_SUPPLIED INFORMATION_
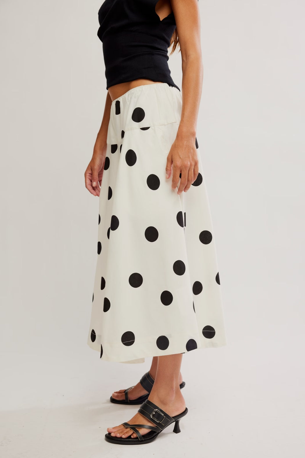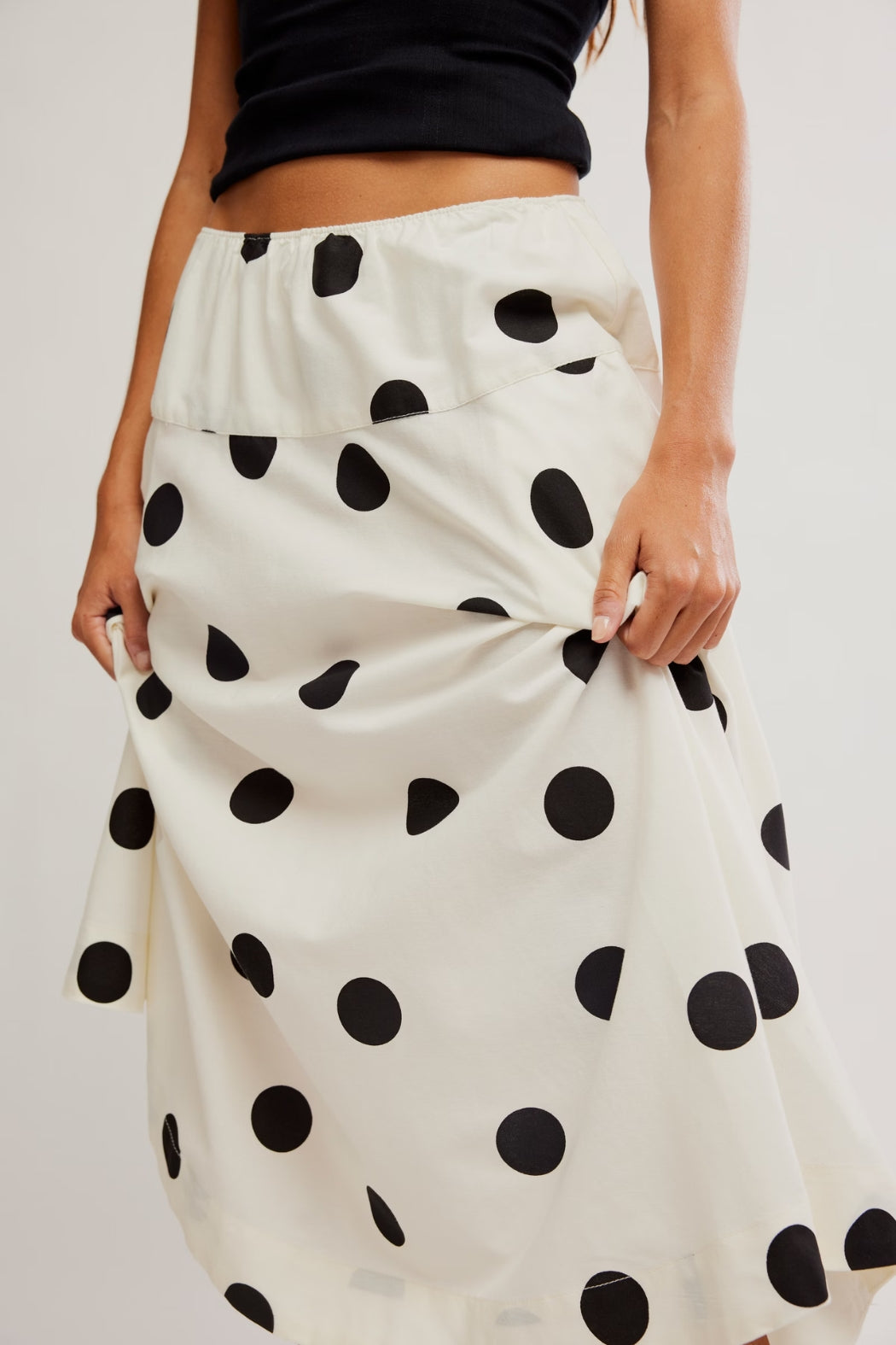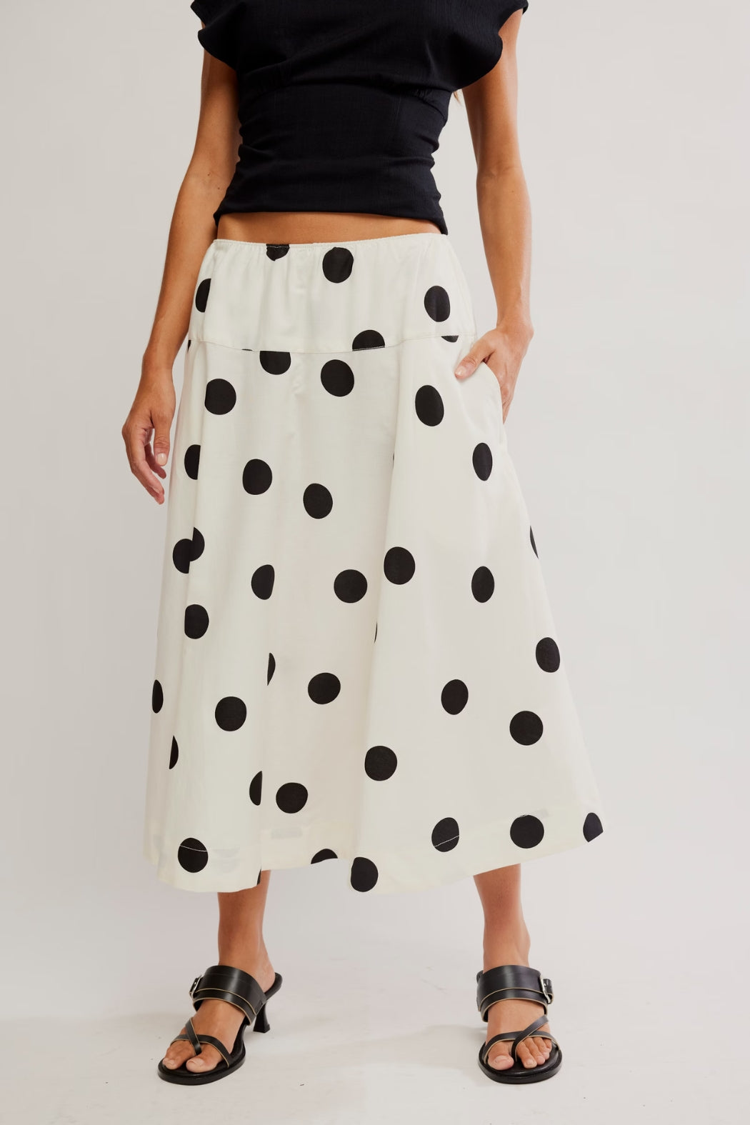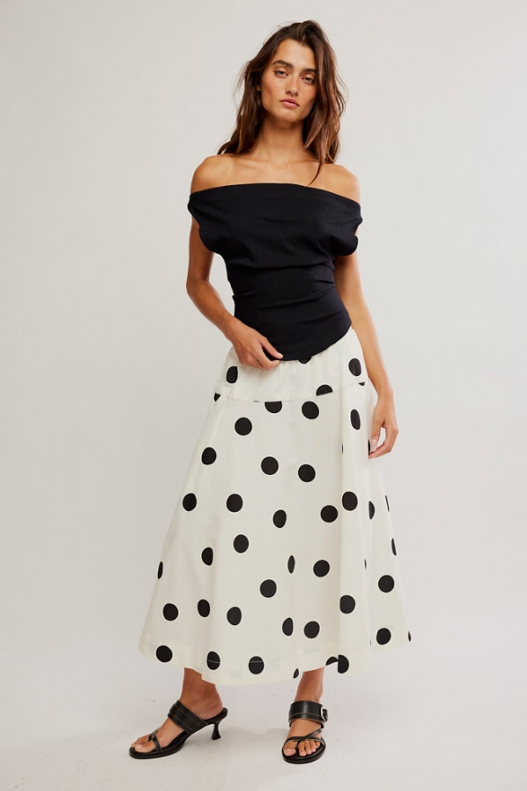 The Betty Drop Waist Skirt by Free People is both flattering and fun! The polka-dot brings a whimsical yet stylish take on a classic silhouette. Pair with a black blouse for a sophisticated look, or pair with a bold color for a more vibrant style. This skirt has endless chic pairings!
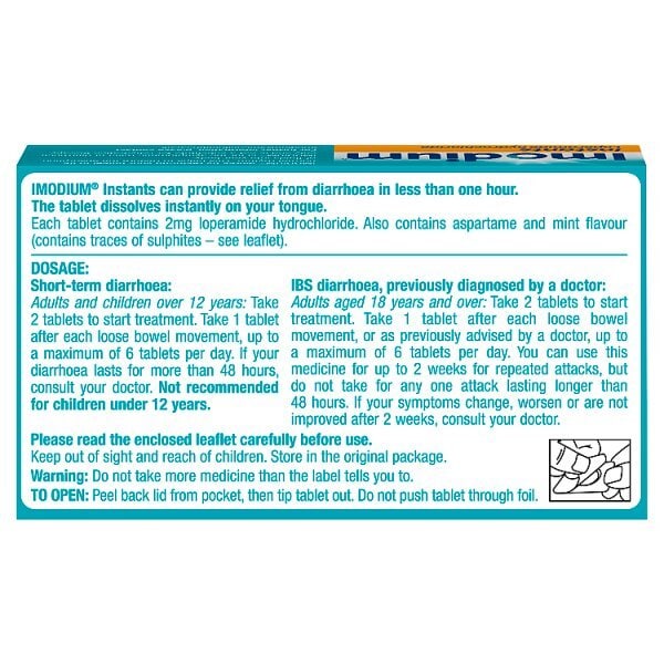 Product Information:These fast dissolving tablets are used to treat sudden attacks of diarrhoea, by making the stools more solid and less frequent,Benefit:Imodium helps the body to absorb more water and nutrients, leading to a better functioning small intestine and better bowel movement. These tablets will help put you back in control of your life and free to get on with your regular daily activates. Imodium Instants melt in your mouth, so no need to take with water. Great for people on the move,Warning or Restrictions:12 Years (Advisory),Product Specification:Each Tablet Contains 2Mg Loperamide Hydrochloride And Also Contains Aspartame,See Leaflet For Further Information,Product Uses:DOSAGE: Sudden short-lived (acute) diarrhoea. Adults and children over 12 years: Take 2 tablets initially, followed if required, by 1 tablet after every further loose bowel movement, up to a maximum of 6 tablets per day. If your diarrhoea lasts for more than 24 hours, consult your doctor. Not recommended for children under 12 years. Diarrhoea associated with Irritable bowel syndrome (IBS) already diagnosed by a doctor: Adults aged 18 years and over: Take 2 tablets initially, followed if required, by 1 tablet after every further loose bowel movement, or as advised previously by your doctor. Do not take more than 6 tablets per day. If your symptoms change or if your diarrhoea persists for more than 2 weeks, consult your doctor. Please read the enclosed leaflet carefully before use. Warning: Do not exceed the stated dose
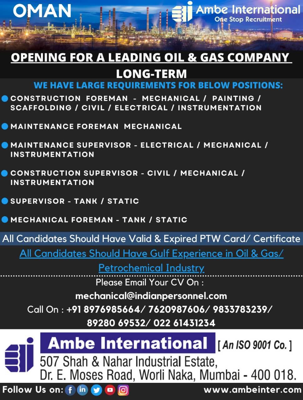 | Construction foreman - mechanical / piping / scaffolding / civil / electrical / instrumentation | ||
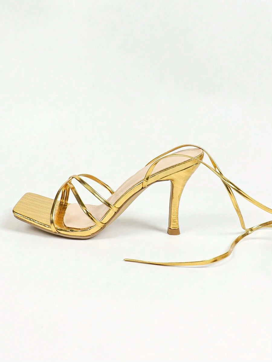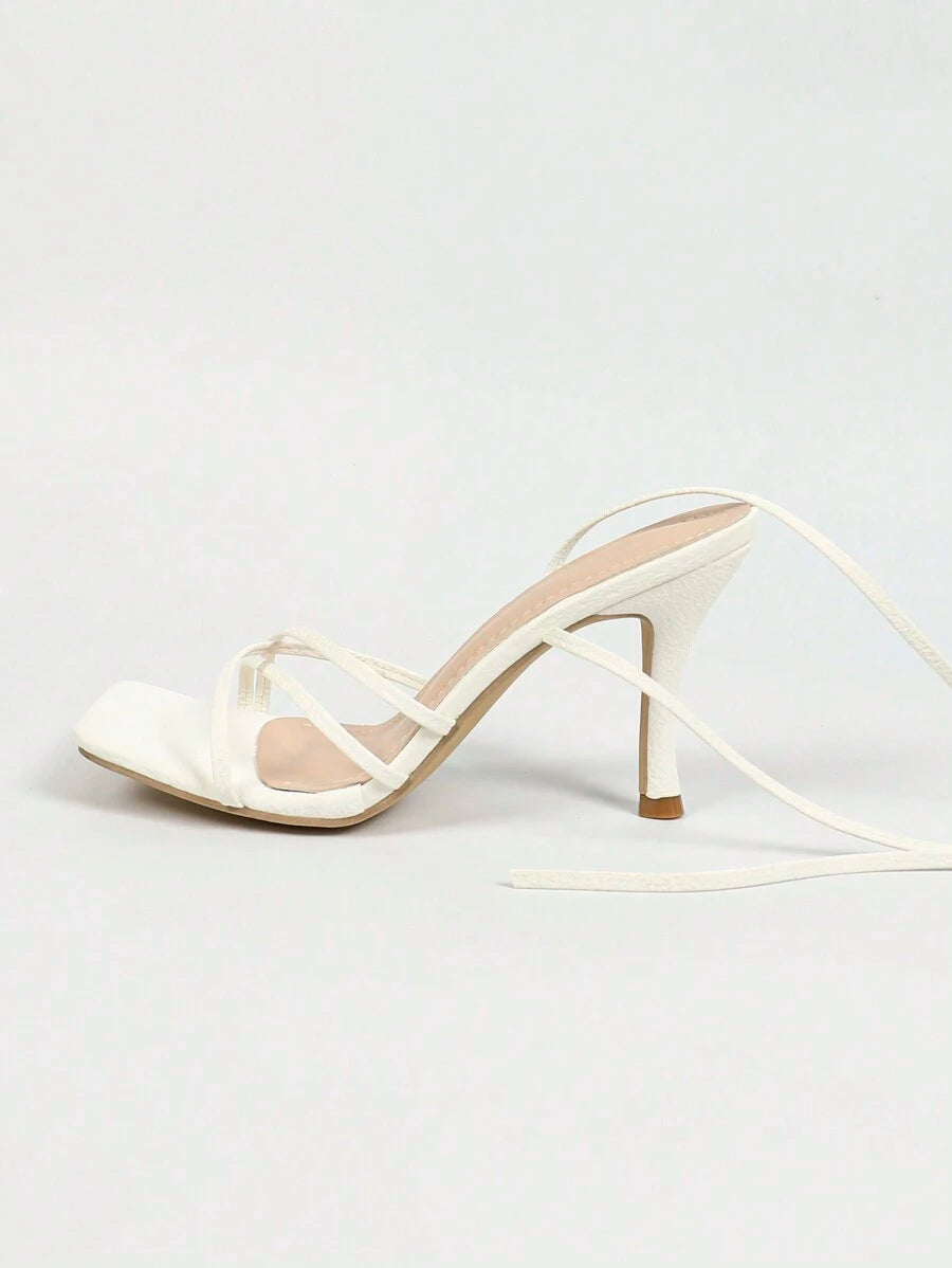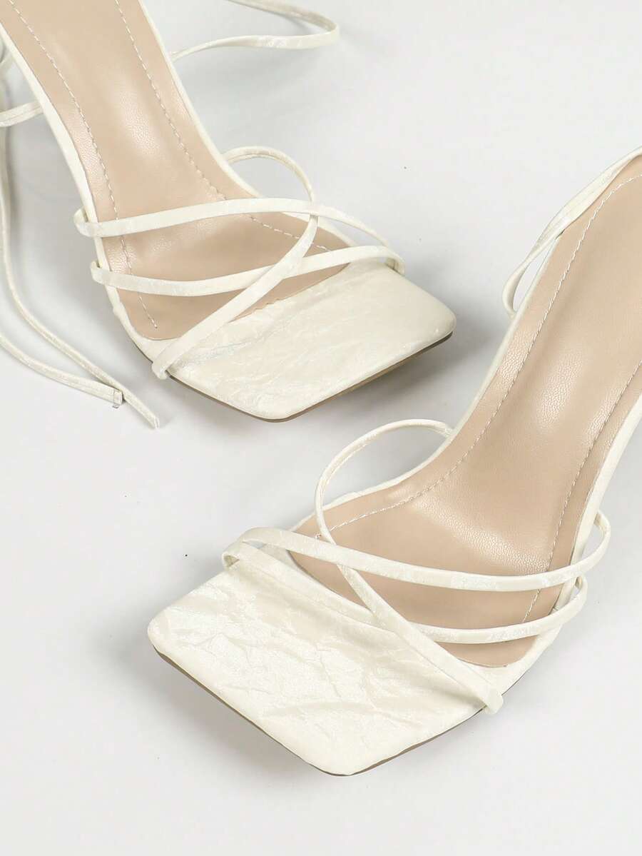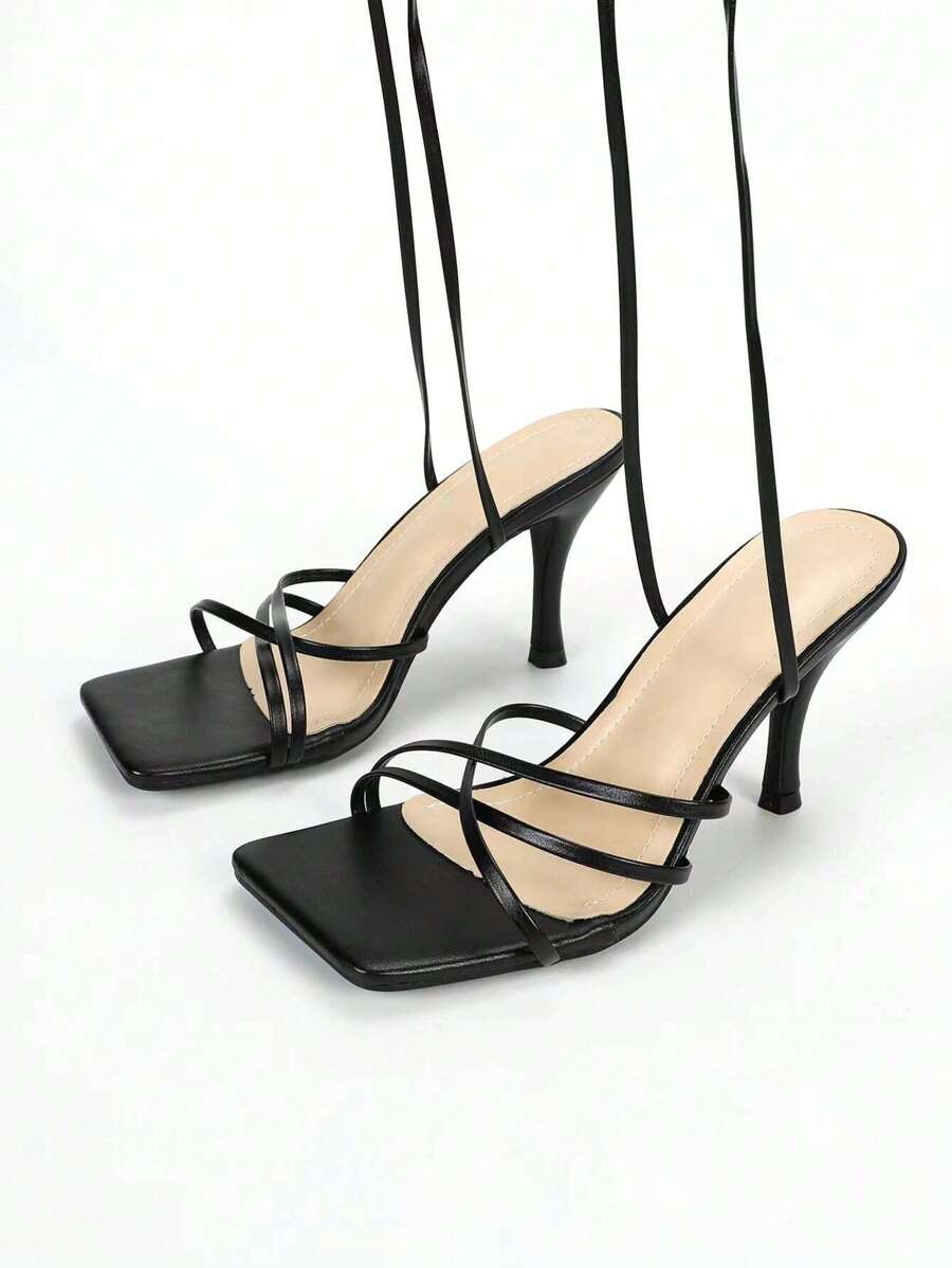 Women Lace Up High Heels Red Sexy Open Toe Stiletto Sandals
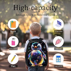 - Grande capacidade, esta mochila também é muito funcional! O design do compartimento dentro da mochila permite que as crianças armazenem livros de forma mais ordenada. A abertura e o fechamento com zíper duplo são muito convenientes, e os dois bolsos de malha laterais podem conter garrafas de água e guarda-chuvas. A lancheira pode acomodar a maioria das lancheiras, garantindo que as crianças possam trazer refeições deliciosas. O estojo de lápis também oferece amplo espaço para pincéis infantis
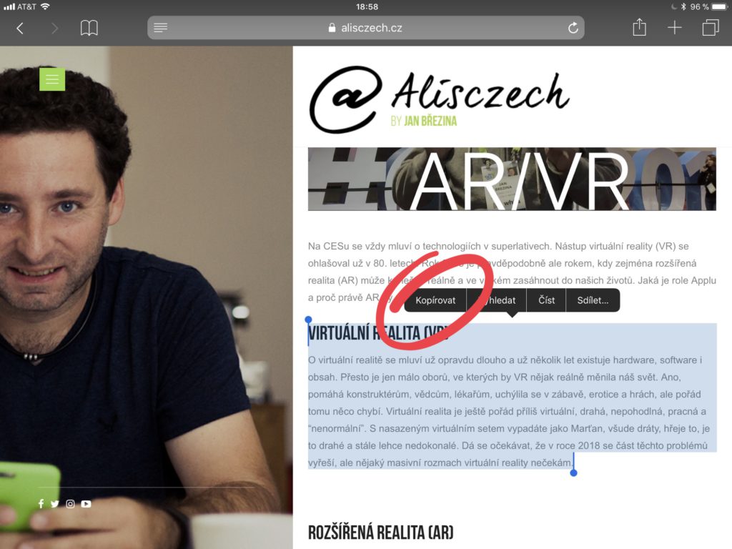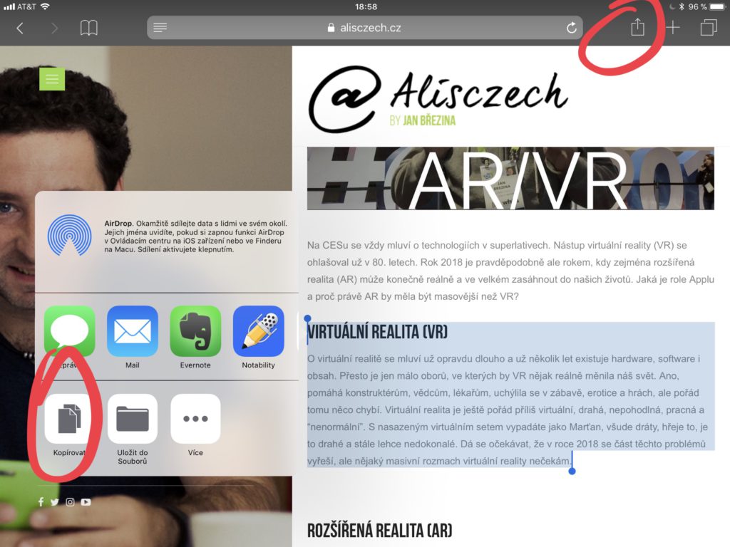 Označte text, který chcete kopírovat. Potom klikněte na tlačítko Sdílení, pokud jej aplikace má, a vyberte Kopírovat. Tím se trochu překvapivě zkopíruje text bez formátu. Pak už se stačí přepnout do cílové aplikace a text vložit. Postup samozřejmě nefunguje všude, protože některé aplikace sdílení nemají. Někdy je sdílení v kontextovém menu.
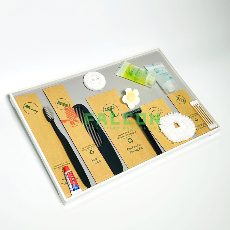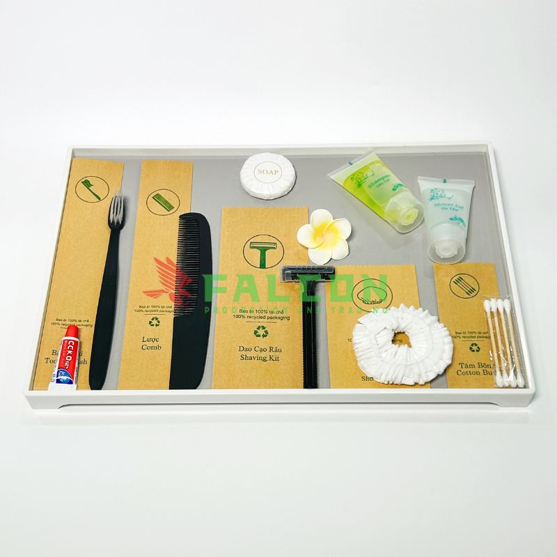 Bộ Amenities đen túi Kraft nâu là sự lựa chọn hoàn hảo dành cho những không gian lưu trú mong muốn cân bằng giữa nét sang trọng và tinh thần bền vững. Màu đen mạnh mẽ kết hợp cùng sắc nâu tự nhiên của giấy Kraft mang đến tổng thể hài hòa, vừa hiện đại vừa gần gũi thể hiện gu thẩm mỹ tinh tế và chuyên nghiệp của khách sạn.
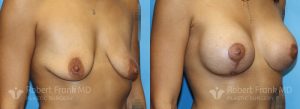 32-year-old woman interested in a mastopexy. She is 5’4″ and weighs approximately 102 pounds. She reports that she was up to a DDD during her pregnancies and came down to a DD and then to a D cup. The patient underwent a bilateral mastopexy and post-operative photos taken 3 months.

_YOUR OBJECTIVE_
Retype, without any picture, exactly the lines from the one with "Označte text, který" through the end of the entries, inclusive.

_REPLY TO THE TASK_
 Označte text, který chcete kopírovat. Potom klikněte na tlačítko Sdílení, pokud jej aplikace má, a vyberte Kopírovat. Tím se trochu překvapivě zkopíruje text bez formátu. Pak už se stačí přepnout do cílové aplikace a text vložit. Postup samozřejmě nefunguje všude, protože některé aplikace sdílení nemají. Někdy je sdílení v kontextovém menu.
 Bộ Amenities đen túi Kraft nâu là sự lựa chọn hoàn hảo dành cho những không gian lưu trú mong muốn cân bằng giữa nét sang trọng và tinh thần bền vững. Màu đen mạnh mẽ kết hợp cùng sắc nâu tự nhiên của giấy Kraft mang đến tổng thể hài hòa, vừa hiện đại vừa gần gũi thể hiện gu thẩm mỹ tinh tế và chuyên nghiệp của khách sạn.
 32-year-old woman interested in a mastopexy. She is 5’4″ and weighs approximately 102 pounds. She reports that she was up to a DDD during her pregnancies and came down to a DD and then to a D cup. The patient underwent a bilateral mastopexy and post-operative photos taken 3 months.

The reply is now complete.